Teeth Dreams is a melodramatic return and reinvention. 

When you add it all up, the reason Teeth Dreams really works as an album is because Finn really does make it feel like he has gone back to the Minnesota that he loves to source for stories. But in doing so, he and the band forward the idea that he is a different man than the one who left it all behind. 

So as much as a landscape we leave makes us who we are, so do the experiences we have in its absence, making any return to it less of a homecoming and more of a reconciliation as a stranger among the familiar. Much of Teeth Dreams feels like that. It's a stranger among the familiar, opening with I Hope The Whole Thing Didn't Frighten You. 

Frighten You has exactly the kind of lyrics one would expect from Finn looking back with one foot in the past and one in the present. It's a song about old friends who haven't changed so much and yet it still frightens him to think you used to have something in common. Or, maybe more precisely, it might frighten anyone you bring along with you.


Spinners is another such story, almost like looking in on a friend or former lover. In this is one, his story centers on a girl who tries to forget her heartbreak by getting back out there and doing things. But the solution doesn't lead to resolution. Sometimes it just complicates everything even more.

The Only Thing is another breakup song, but with its focus on the reunion long afterward as opposed to the split. The track is striking because it draws out the awkwardness of seeing someone again when all you have left between each other are some memories. Lyrically, it is one of the more overlooked tracks on the album.

In contrast, the balladic The Ambassador is another reunion track that feels significantly more bittersweet despite being tied more to a location than a person. It might even be that absence of the people who used to frequent there is so haunting as a memory. It's like revisiting an old neighborhood and not knowing anyone who lives there anymore. 
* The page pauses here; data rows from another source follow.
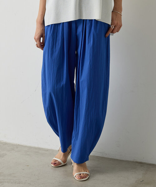 ■アイテム 裾に向かってゆるくカーブした立体感のあるパンツ。 程よい張りとシャリ感のある生地で、足のラインを拾わないのも嬉しいポイント。 ウエストはゴム仕様で、リラックスして着用いただけます。 ご自宅での取り扱いもしやすく、春夏のデイリーユースに最適な着回し力の高いアイテムです。 ▼おすすめスタイリングアイテム サラッとシリーズ リヨセルストライプシャツ ■素材・洗濯表示 素材:ナイロン50% 綿46% ポリウレタン4% 洗濯表示:洗濯機洗い(弱)可 ※液温は30度を限度とし、洗濯機で弱い洗濯処理ができる ※着用時・洗濯時は、必ず取扱い表示・タグをご確認の上、お取り扱い下さい。 -------------------------- 伸縮性:あり 光沢:あり 厚み:ふつう 透け感:なし 裏地:なし ポケット:あり ファスナー:なし -------------------------- 《お取り扱い上のご注意》 ・タンブル乾燥不可 《予約商品について》 ・サンプルの為、素材情報、洗濯表示については企画段階の情報を記載しております。公的機関での試験データ結果を受け、量産にあたり混率や洗濯方法の変更が発生する場合がございますので、ご了承くださいませ。 ・サンプルでの撮影、計測をしております。商品の仕様が一部変更になる場合がございます。 ・撮影サンプル品はブランドタグがついておりません。製品にはタグがつきますので、製品の表に縫い糸が見える場合がございます。 ・工場の生産の都合上、納期が変更になる場合がございます。検品や輸送の関係で、発送日が前後しますのでご了承ください。また、入荷状況により、お客様への発送が店頭販売より遅れる場合もございます。 ・店頭に陳列していた商品も含まれる場合がございます。 《商品画像について》 ご覧頂いている商品の写真につきましては、できるだけ実物の色に近くなるように努めておりますが お使いの環境(モニター、ブラウザ等)の違いにより、色の見え方が実物と若干異なる場合がございます。 予めご了承ください。 《ハートをタップして商品のお気に入り登録》 登録カラーの商品の「残りわずか」「再入荷」「値下げ」通知を受け取ることができます。 各ショップアプリにてブランドフォロー 新商品などの入荷情報、最新のニュースやお得な情報を受け取ることができます。
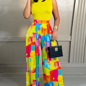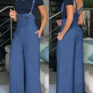 Combinaison femme été, élégante, jambe large, couleur unie, vacances, chic, sans manches
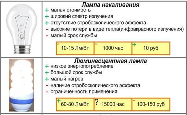 Сравнительная характеристика ламп накаливания и компактных люминесцентных ламп.
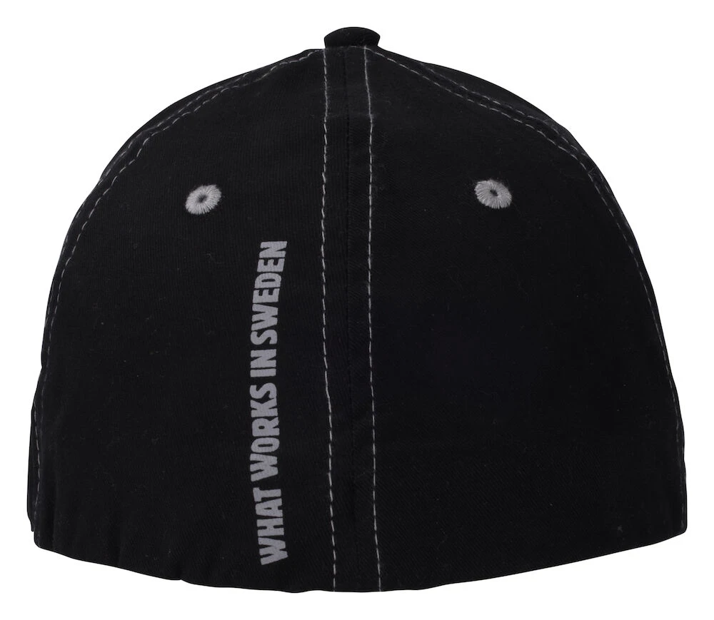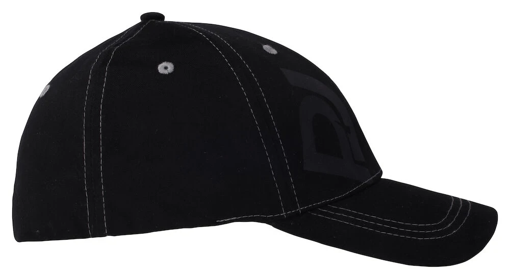 Joustavasta materiaalista valmistettu, logolla varustettu lippalakki.
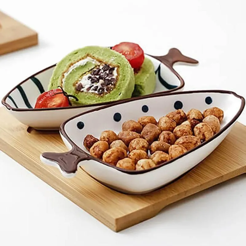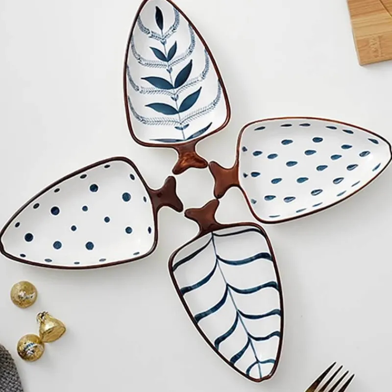 Veredeln Sie Ihr kulinarisches Erlebnis mit unseren wunderschön gestalteten Keramik-Snacktellern, inspiriert von der eleganten Form von Fischschwanzblättern. Dieses stilvolle Servierset umfasst vier verschiedene Teller, jeder mit einem bezaubernden Muster verziert, das Ihrem Tisch einen Hauch von naturinspirierter Eleganz verleiht. Diese Teller eignen sich perfekt zum Präsentieren verschiedener Speisen, wie z. B. kleiner Häppchen, Vorspeisen oder Desserts, und dienen bei Nichtgebrauch auch als auffällige Dekoration.

Teeth Dreams By The Hold Steady Echoes 5.4 On The Liquid Hip Richter Scale.

After these opening tracks, there are no particular high points but there are plenty of highlights. Big Cig attempts to elevate the album back to a rocker. Runner's High has some decent riffs slipped in by Selvidge. And Almost Everything gives the album an acoustic moment before Finn breaks into his desperately epic 9-minute song Oaks, which gives the album's conclusion a fadeout completion.